WeiboInputFormat.java

package com.hadoop.WeiboCount;

import java.io.IOException;

import org.apache.hadoop.conf.Configuration;
import org.apache.hadoop.fs.FSDataInputStream;
import org.apache.hadoop.fs.FileSystem;
import org.apache.hadoop.fs.Path;
import org.apache.hadoop.io.Text;
import org.apache.hadoop.mapreduce.InputSplit;
import org.apache.hadoop.mapreduce.JobContext;
import org.apache.hadoop.mapreduce.RecordReader;
import org.apache.hadoop.mapreduce.TaskAttemptContext;
import org.apache.hadoop.mapreduce.lib.input.FileInputFormat;
import org.apache.hadoop.mapreduce.lib.input.FileSplit;
import org.apache.hadoop.util.LineReader;

//其實這個程序，就是在實現InputFormat接口，TVPlayInputFormat是InputFormat接口的實現類
//比如   WeiboInputFormat extends FileInputFormat implements InputFormat。

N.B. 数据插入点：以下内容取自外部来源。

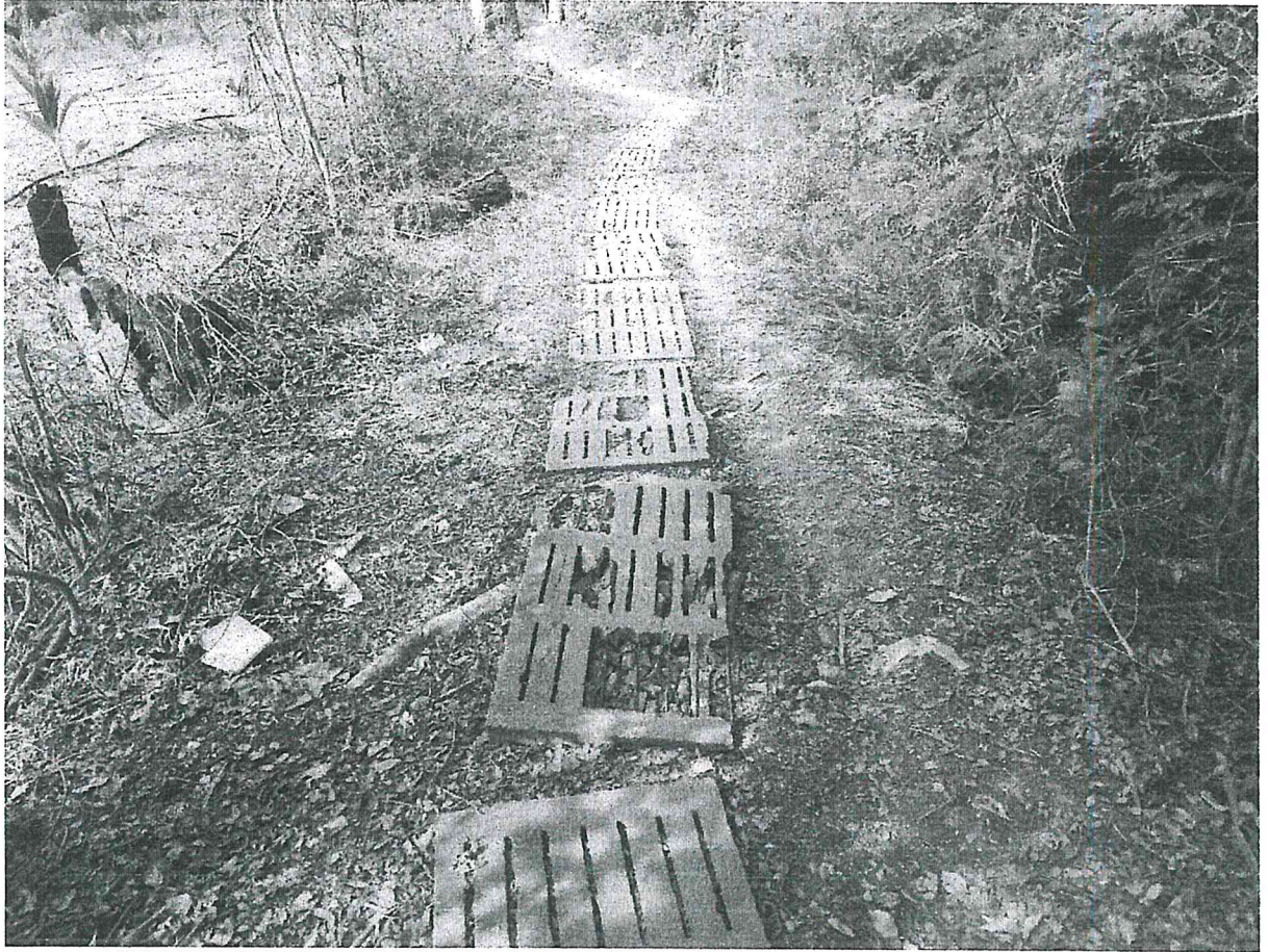
2. ซ่อมแซมพื้นทางเดินทางเท้าเข้าบ้านนายสังวาลเขนยอิงของเดิมชำรุด ผู้เสนอโครงการ นายจิตกร ปานมา
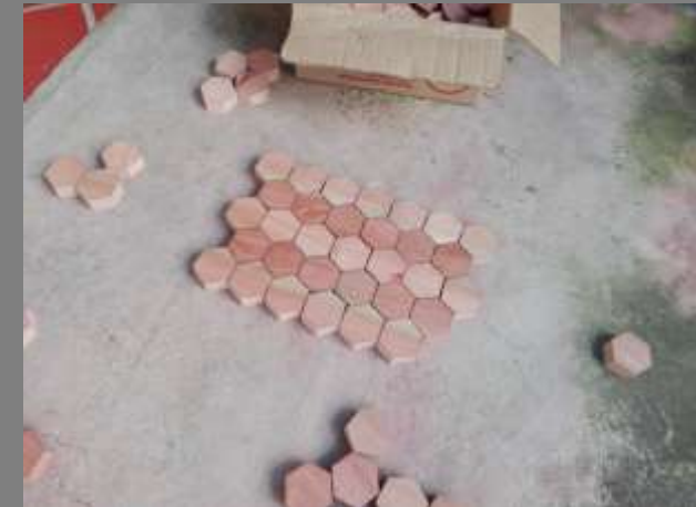
Nuevos desarrollos: pruebas con tintillas y con colores naturales

//問：自定義輸入格式 WeiboInputFormat 類，首先繼承 FileInputFormat，然后分別重寫 isSplitable() 方法和 createRecordReader() 方法。

//線路是： boolean isSplitable()   ->   RecordReader<Text,WeiBo> createRecordReader()   ->   WeiboRecordReader extends RecordReader<Text, WeiBo >
public class WeiboInputFormat extends FileInputFormat<Text,WeiBo>{

   @Override
   protected boolean isSplitable(JobContext context, Path filename) {//這是InputFormat的isSplitable方法
           //isSplitable方法就是是否要切分文件，這個方法顯示如果是壓縮文件就不切分，非壓縮文件就切分。
//       如果不允許分割，則isSplitable==false，則將第一個block、文件目錄、開始位置為0，長度為整個文件的長度封裝到一個InputSplit，加入splits中
//       如果文件長度不為0且支持分割，則isSplitable==true,獲取block大小，默認是64MB
       return false;    //整個文件封裝到一個InputSplit
       //要么就是return true;       //切分64MB大小的一塊一塊，再封裝到InputSplit
   }

   @Override
   public RecordReader<Text, WeiBo> createRecordReader(InputSplit arg0, TaskAttemptContext arg1) throws IOException, InterruptedException {
//       RecordReader<k1, v1>是返回類型,返回的RecordReader對象的封裝
//       createRecordReader是方法,在這里是，WeiboInputFormat.createRecordReader。WeiboInputFormat是InputFormat類的實例
//       InputSplit input和TaskAttemptContext context是傳入參數

//       isSplitable(),如果是壓縮文件就不切分，整個文件封裝到一個InputSplit
//       isSplitable(),如果是非壓縮文件就切，切分64MB大小的一塊一塊，再封裝到InputSplit

       //這里默認是系統實現的的RecordReader，按行讀取，下面我們自定義這個類WeiboRecordReader。
       //類似與Excel、WeiBo、TVPlayData代碼寫法

   // 自定義WeiboRecordReader類，按行讀取
        return new WeiboRecordReader(); //新建一個ScoreRecordReader實例，所有才有了上面RecordReader<Text,ScoreWritable>，所以才如下ScoreRecordReader，寫我們自己的
   }

   public class WeiboRecordReader extends RecordReader<Text, WeiBo>{
       //LineReader      in是1，行號。
           //Text line;      俞灝明   俞灝明   10591367   206   558，每行的相關記錄
      public LineReader in; //行讀取器
      public Text line;//每行數據類型
       public Text lineKey;//自定義key類型，即k1
       public WeiBo lineValue;//自定義value類型，即v1

          @Override
          public void initialize(InputSplit input, TaskAttemptContext context) throws IOException, InterruptedException { //初始化，都是模板

              FileSplit split = (FileSplit)input; // 獲取split

              Configuration job = context.getConfiguration(); // 獲取配置

              Path file = split.getPath(); // 分片路徑

              FileSystem fs = file.getFileSystem(job);

              FSDataInputStream filein = fs.open(file);   // 打開文件

              in=new LineReader(filein,job); //輸入流in
           line=new Text();//每行數據類型
           lineKey=new Text();//自定義key類型，即k1。//新建一個Text實例作為自定義格式輸入的key
           lineValue = new WeiBo();//自定義value類型，即v1。//新建一個TVPlayData實例作為自定義格式輸入的value
          }


       //此方法讀取每行數據，完成自定義的key和value
          @Override
          public boolean nextKeyValue() throws IOException, InterruptedException { //這里面，才是篡改的重點
              // 一行數據
              Text line = new Text();

              int linesize = in.readLine(line); //line是每行數據，我們這里用到的是in.readLine(str)這個構造函數，默認讀完讀到文件末尾。其實這里有三種。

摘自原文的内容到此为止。